__SUPPLIED INFORMATION__.
━━━━━━━━━━

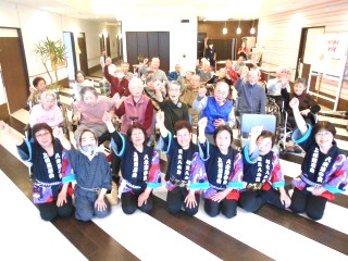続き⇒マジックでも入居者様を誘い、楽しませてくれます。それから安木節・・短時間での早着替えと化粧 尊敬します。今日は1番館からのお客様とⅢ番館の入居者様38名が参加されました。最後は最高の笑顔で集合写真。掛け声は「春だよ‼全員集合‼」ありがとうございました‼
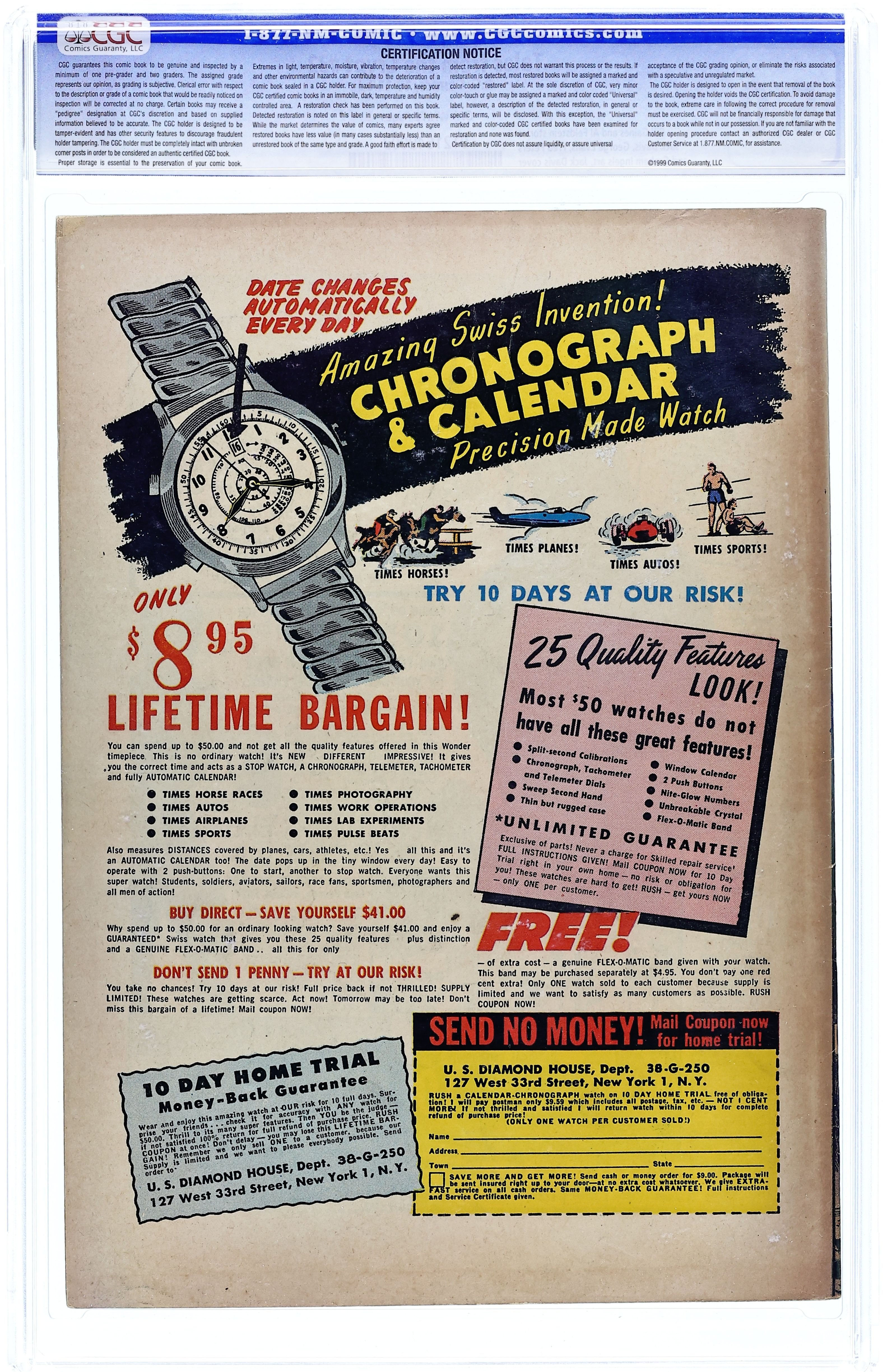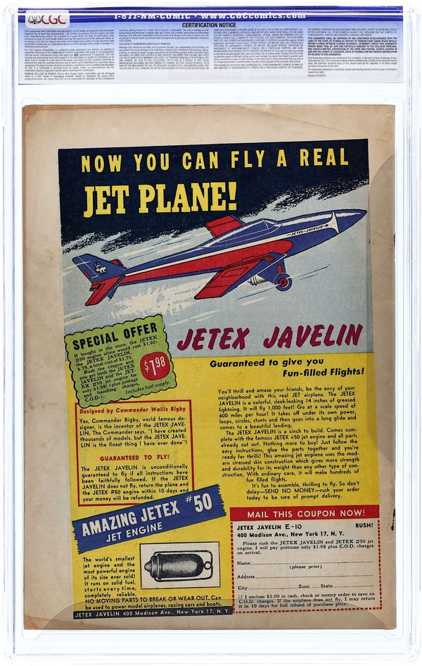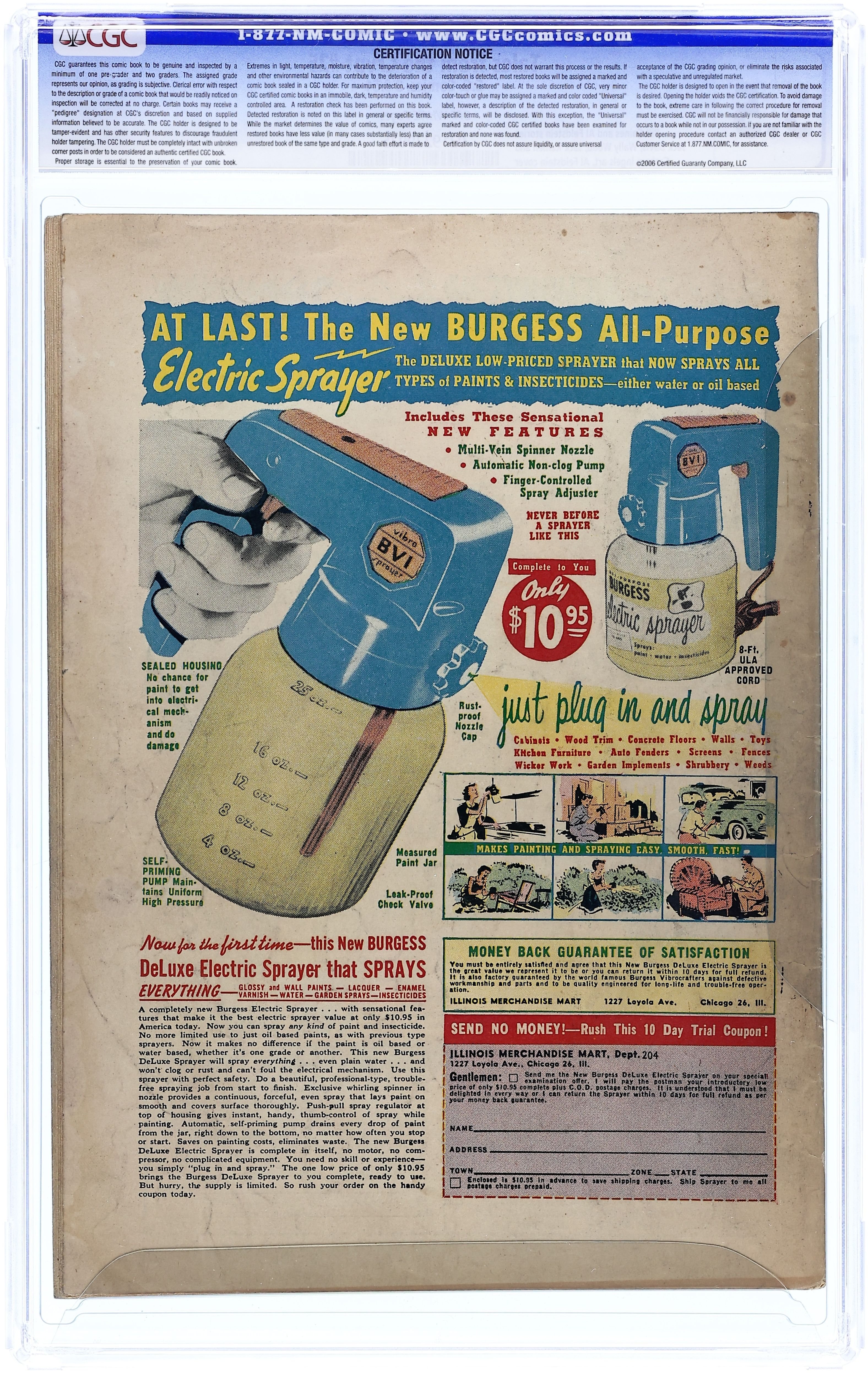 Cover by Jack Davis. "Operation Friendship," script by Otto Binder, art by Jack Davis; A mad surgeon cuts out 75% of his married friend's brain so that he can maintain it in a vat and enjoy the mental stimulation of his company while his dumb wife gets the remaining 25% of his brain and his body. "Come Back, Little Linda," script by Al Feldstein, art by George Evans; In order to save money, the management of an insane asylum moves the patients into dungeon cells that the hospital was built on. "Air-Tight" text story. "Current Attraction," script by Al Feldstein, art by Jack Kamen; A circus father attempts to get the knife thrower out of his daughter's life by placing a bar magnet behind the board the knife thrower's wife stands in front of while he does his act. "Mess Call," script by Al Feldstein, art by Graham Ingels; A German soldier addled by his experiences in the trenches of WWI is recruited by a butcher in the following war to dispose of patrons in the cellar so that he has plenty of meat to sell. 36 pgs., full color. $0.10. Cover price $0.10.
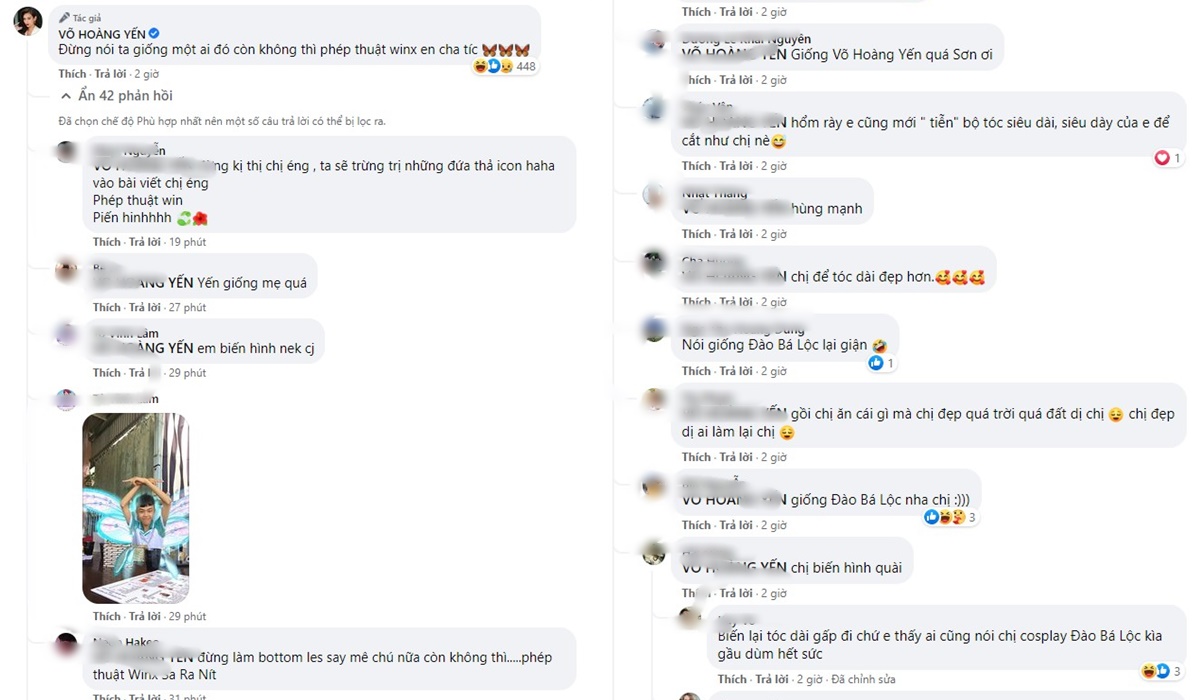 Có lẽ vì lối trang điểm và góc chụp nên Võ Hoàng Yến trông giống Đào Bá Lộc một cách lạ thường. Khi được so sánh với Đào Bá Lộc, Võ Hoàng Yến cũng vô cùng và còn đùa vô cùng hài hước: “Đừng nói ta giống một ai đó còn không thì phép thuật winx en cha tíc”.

━━━━━━━━━━

Set the listing down in full and exactly. Pictures within it should not appear in the copy.

続き⇒マジックでも入居者様を誘い、楽しませてくれます。それから安木節・・短時間での早着替えと化粧 尊敬します。今日は1番館からのお客様とⅢ番館の入居者様38名が参加されました。最後は最高の笑顔で集合写真。掛け声は「春だよ‼全員集合‼」ありがとうございました‼
 Cover by Jack Davis. "Operation Friendship," script by Otto Binder, art by Jack Davis; A mad surgeon cuts out 75% of his married friend's brain so that he can maintain it in a vat and enjoy the mental stimulation of his company while his dumb wife gets the remaining 25% of his brain and his body. "Come Back, Little Linda," script by Al Feldstein, art by George Evans; In order to save money, the management of an insane asylum moves the patients into dungeon cells that the hospital was built on. "Air-Tight" text story. "Current Attraction," script by Al Feldstein, art by Jack Kamen; A circus father attempts to get the knife thrower out of his daughter's life by placing a bar magnet behind the board the knife thrower's wife stands in front of while he does his act. "Mess Call," script by Al Feldstein, art by Graham Ingels; A German soldier addled by his experiences in the trenches of WWI is recruited by a butcher in the following war to dispose of patrons in the cellar so that he has plenty of meat to sell. 36 pgs., full color. $0.10. Cover price $0.10.
 Có lẽ vì lối trang điểm và góc chụp nên Võ Hoàng Yến trông giống Đào Bá Lộc một cách lạ thường. Khi được so sánh với Đào Bá Lộc, Võ Hoàng Yến cũng vô cùng và còn đùa vô cùng hài hước: “Đừng nói ta giống một ai đó còn không thì phép thuật winx en cha tíc”.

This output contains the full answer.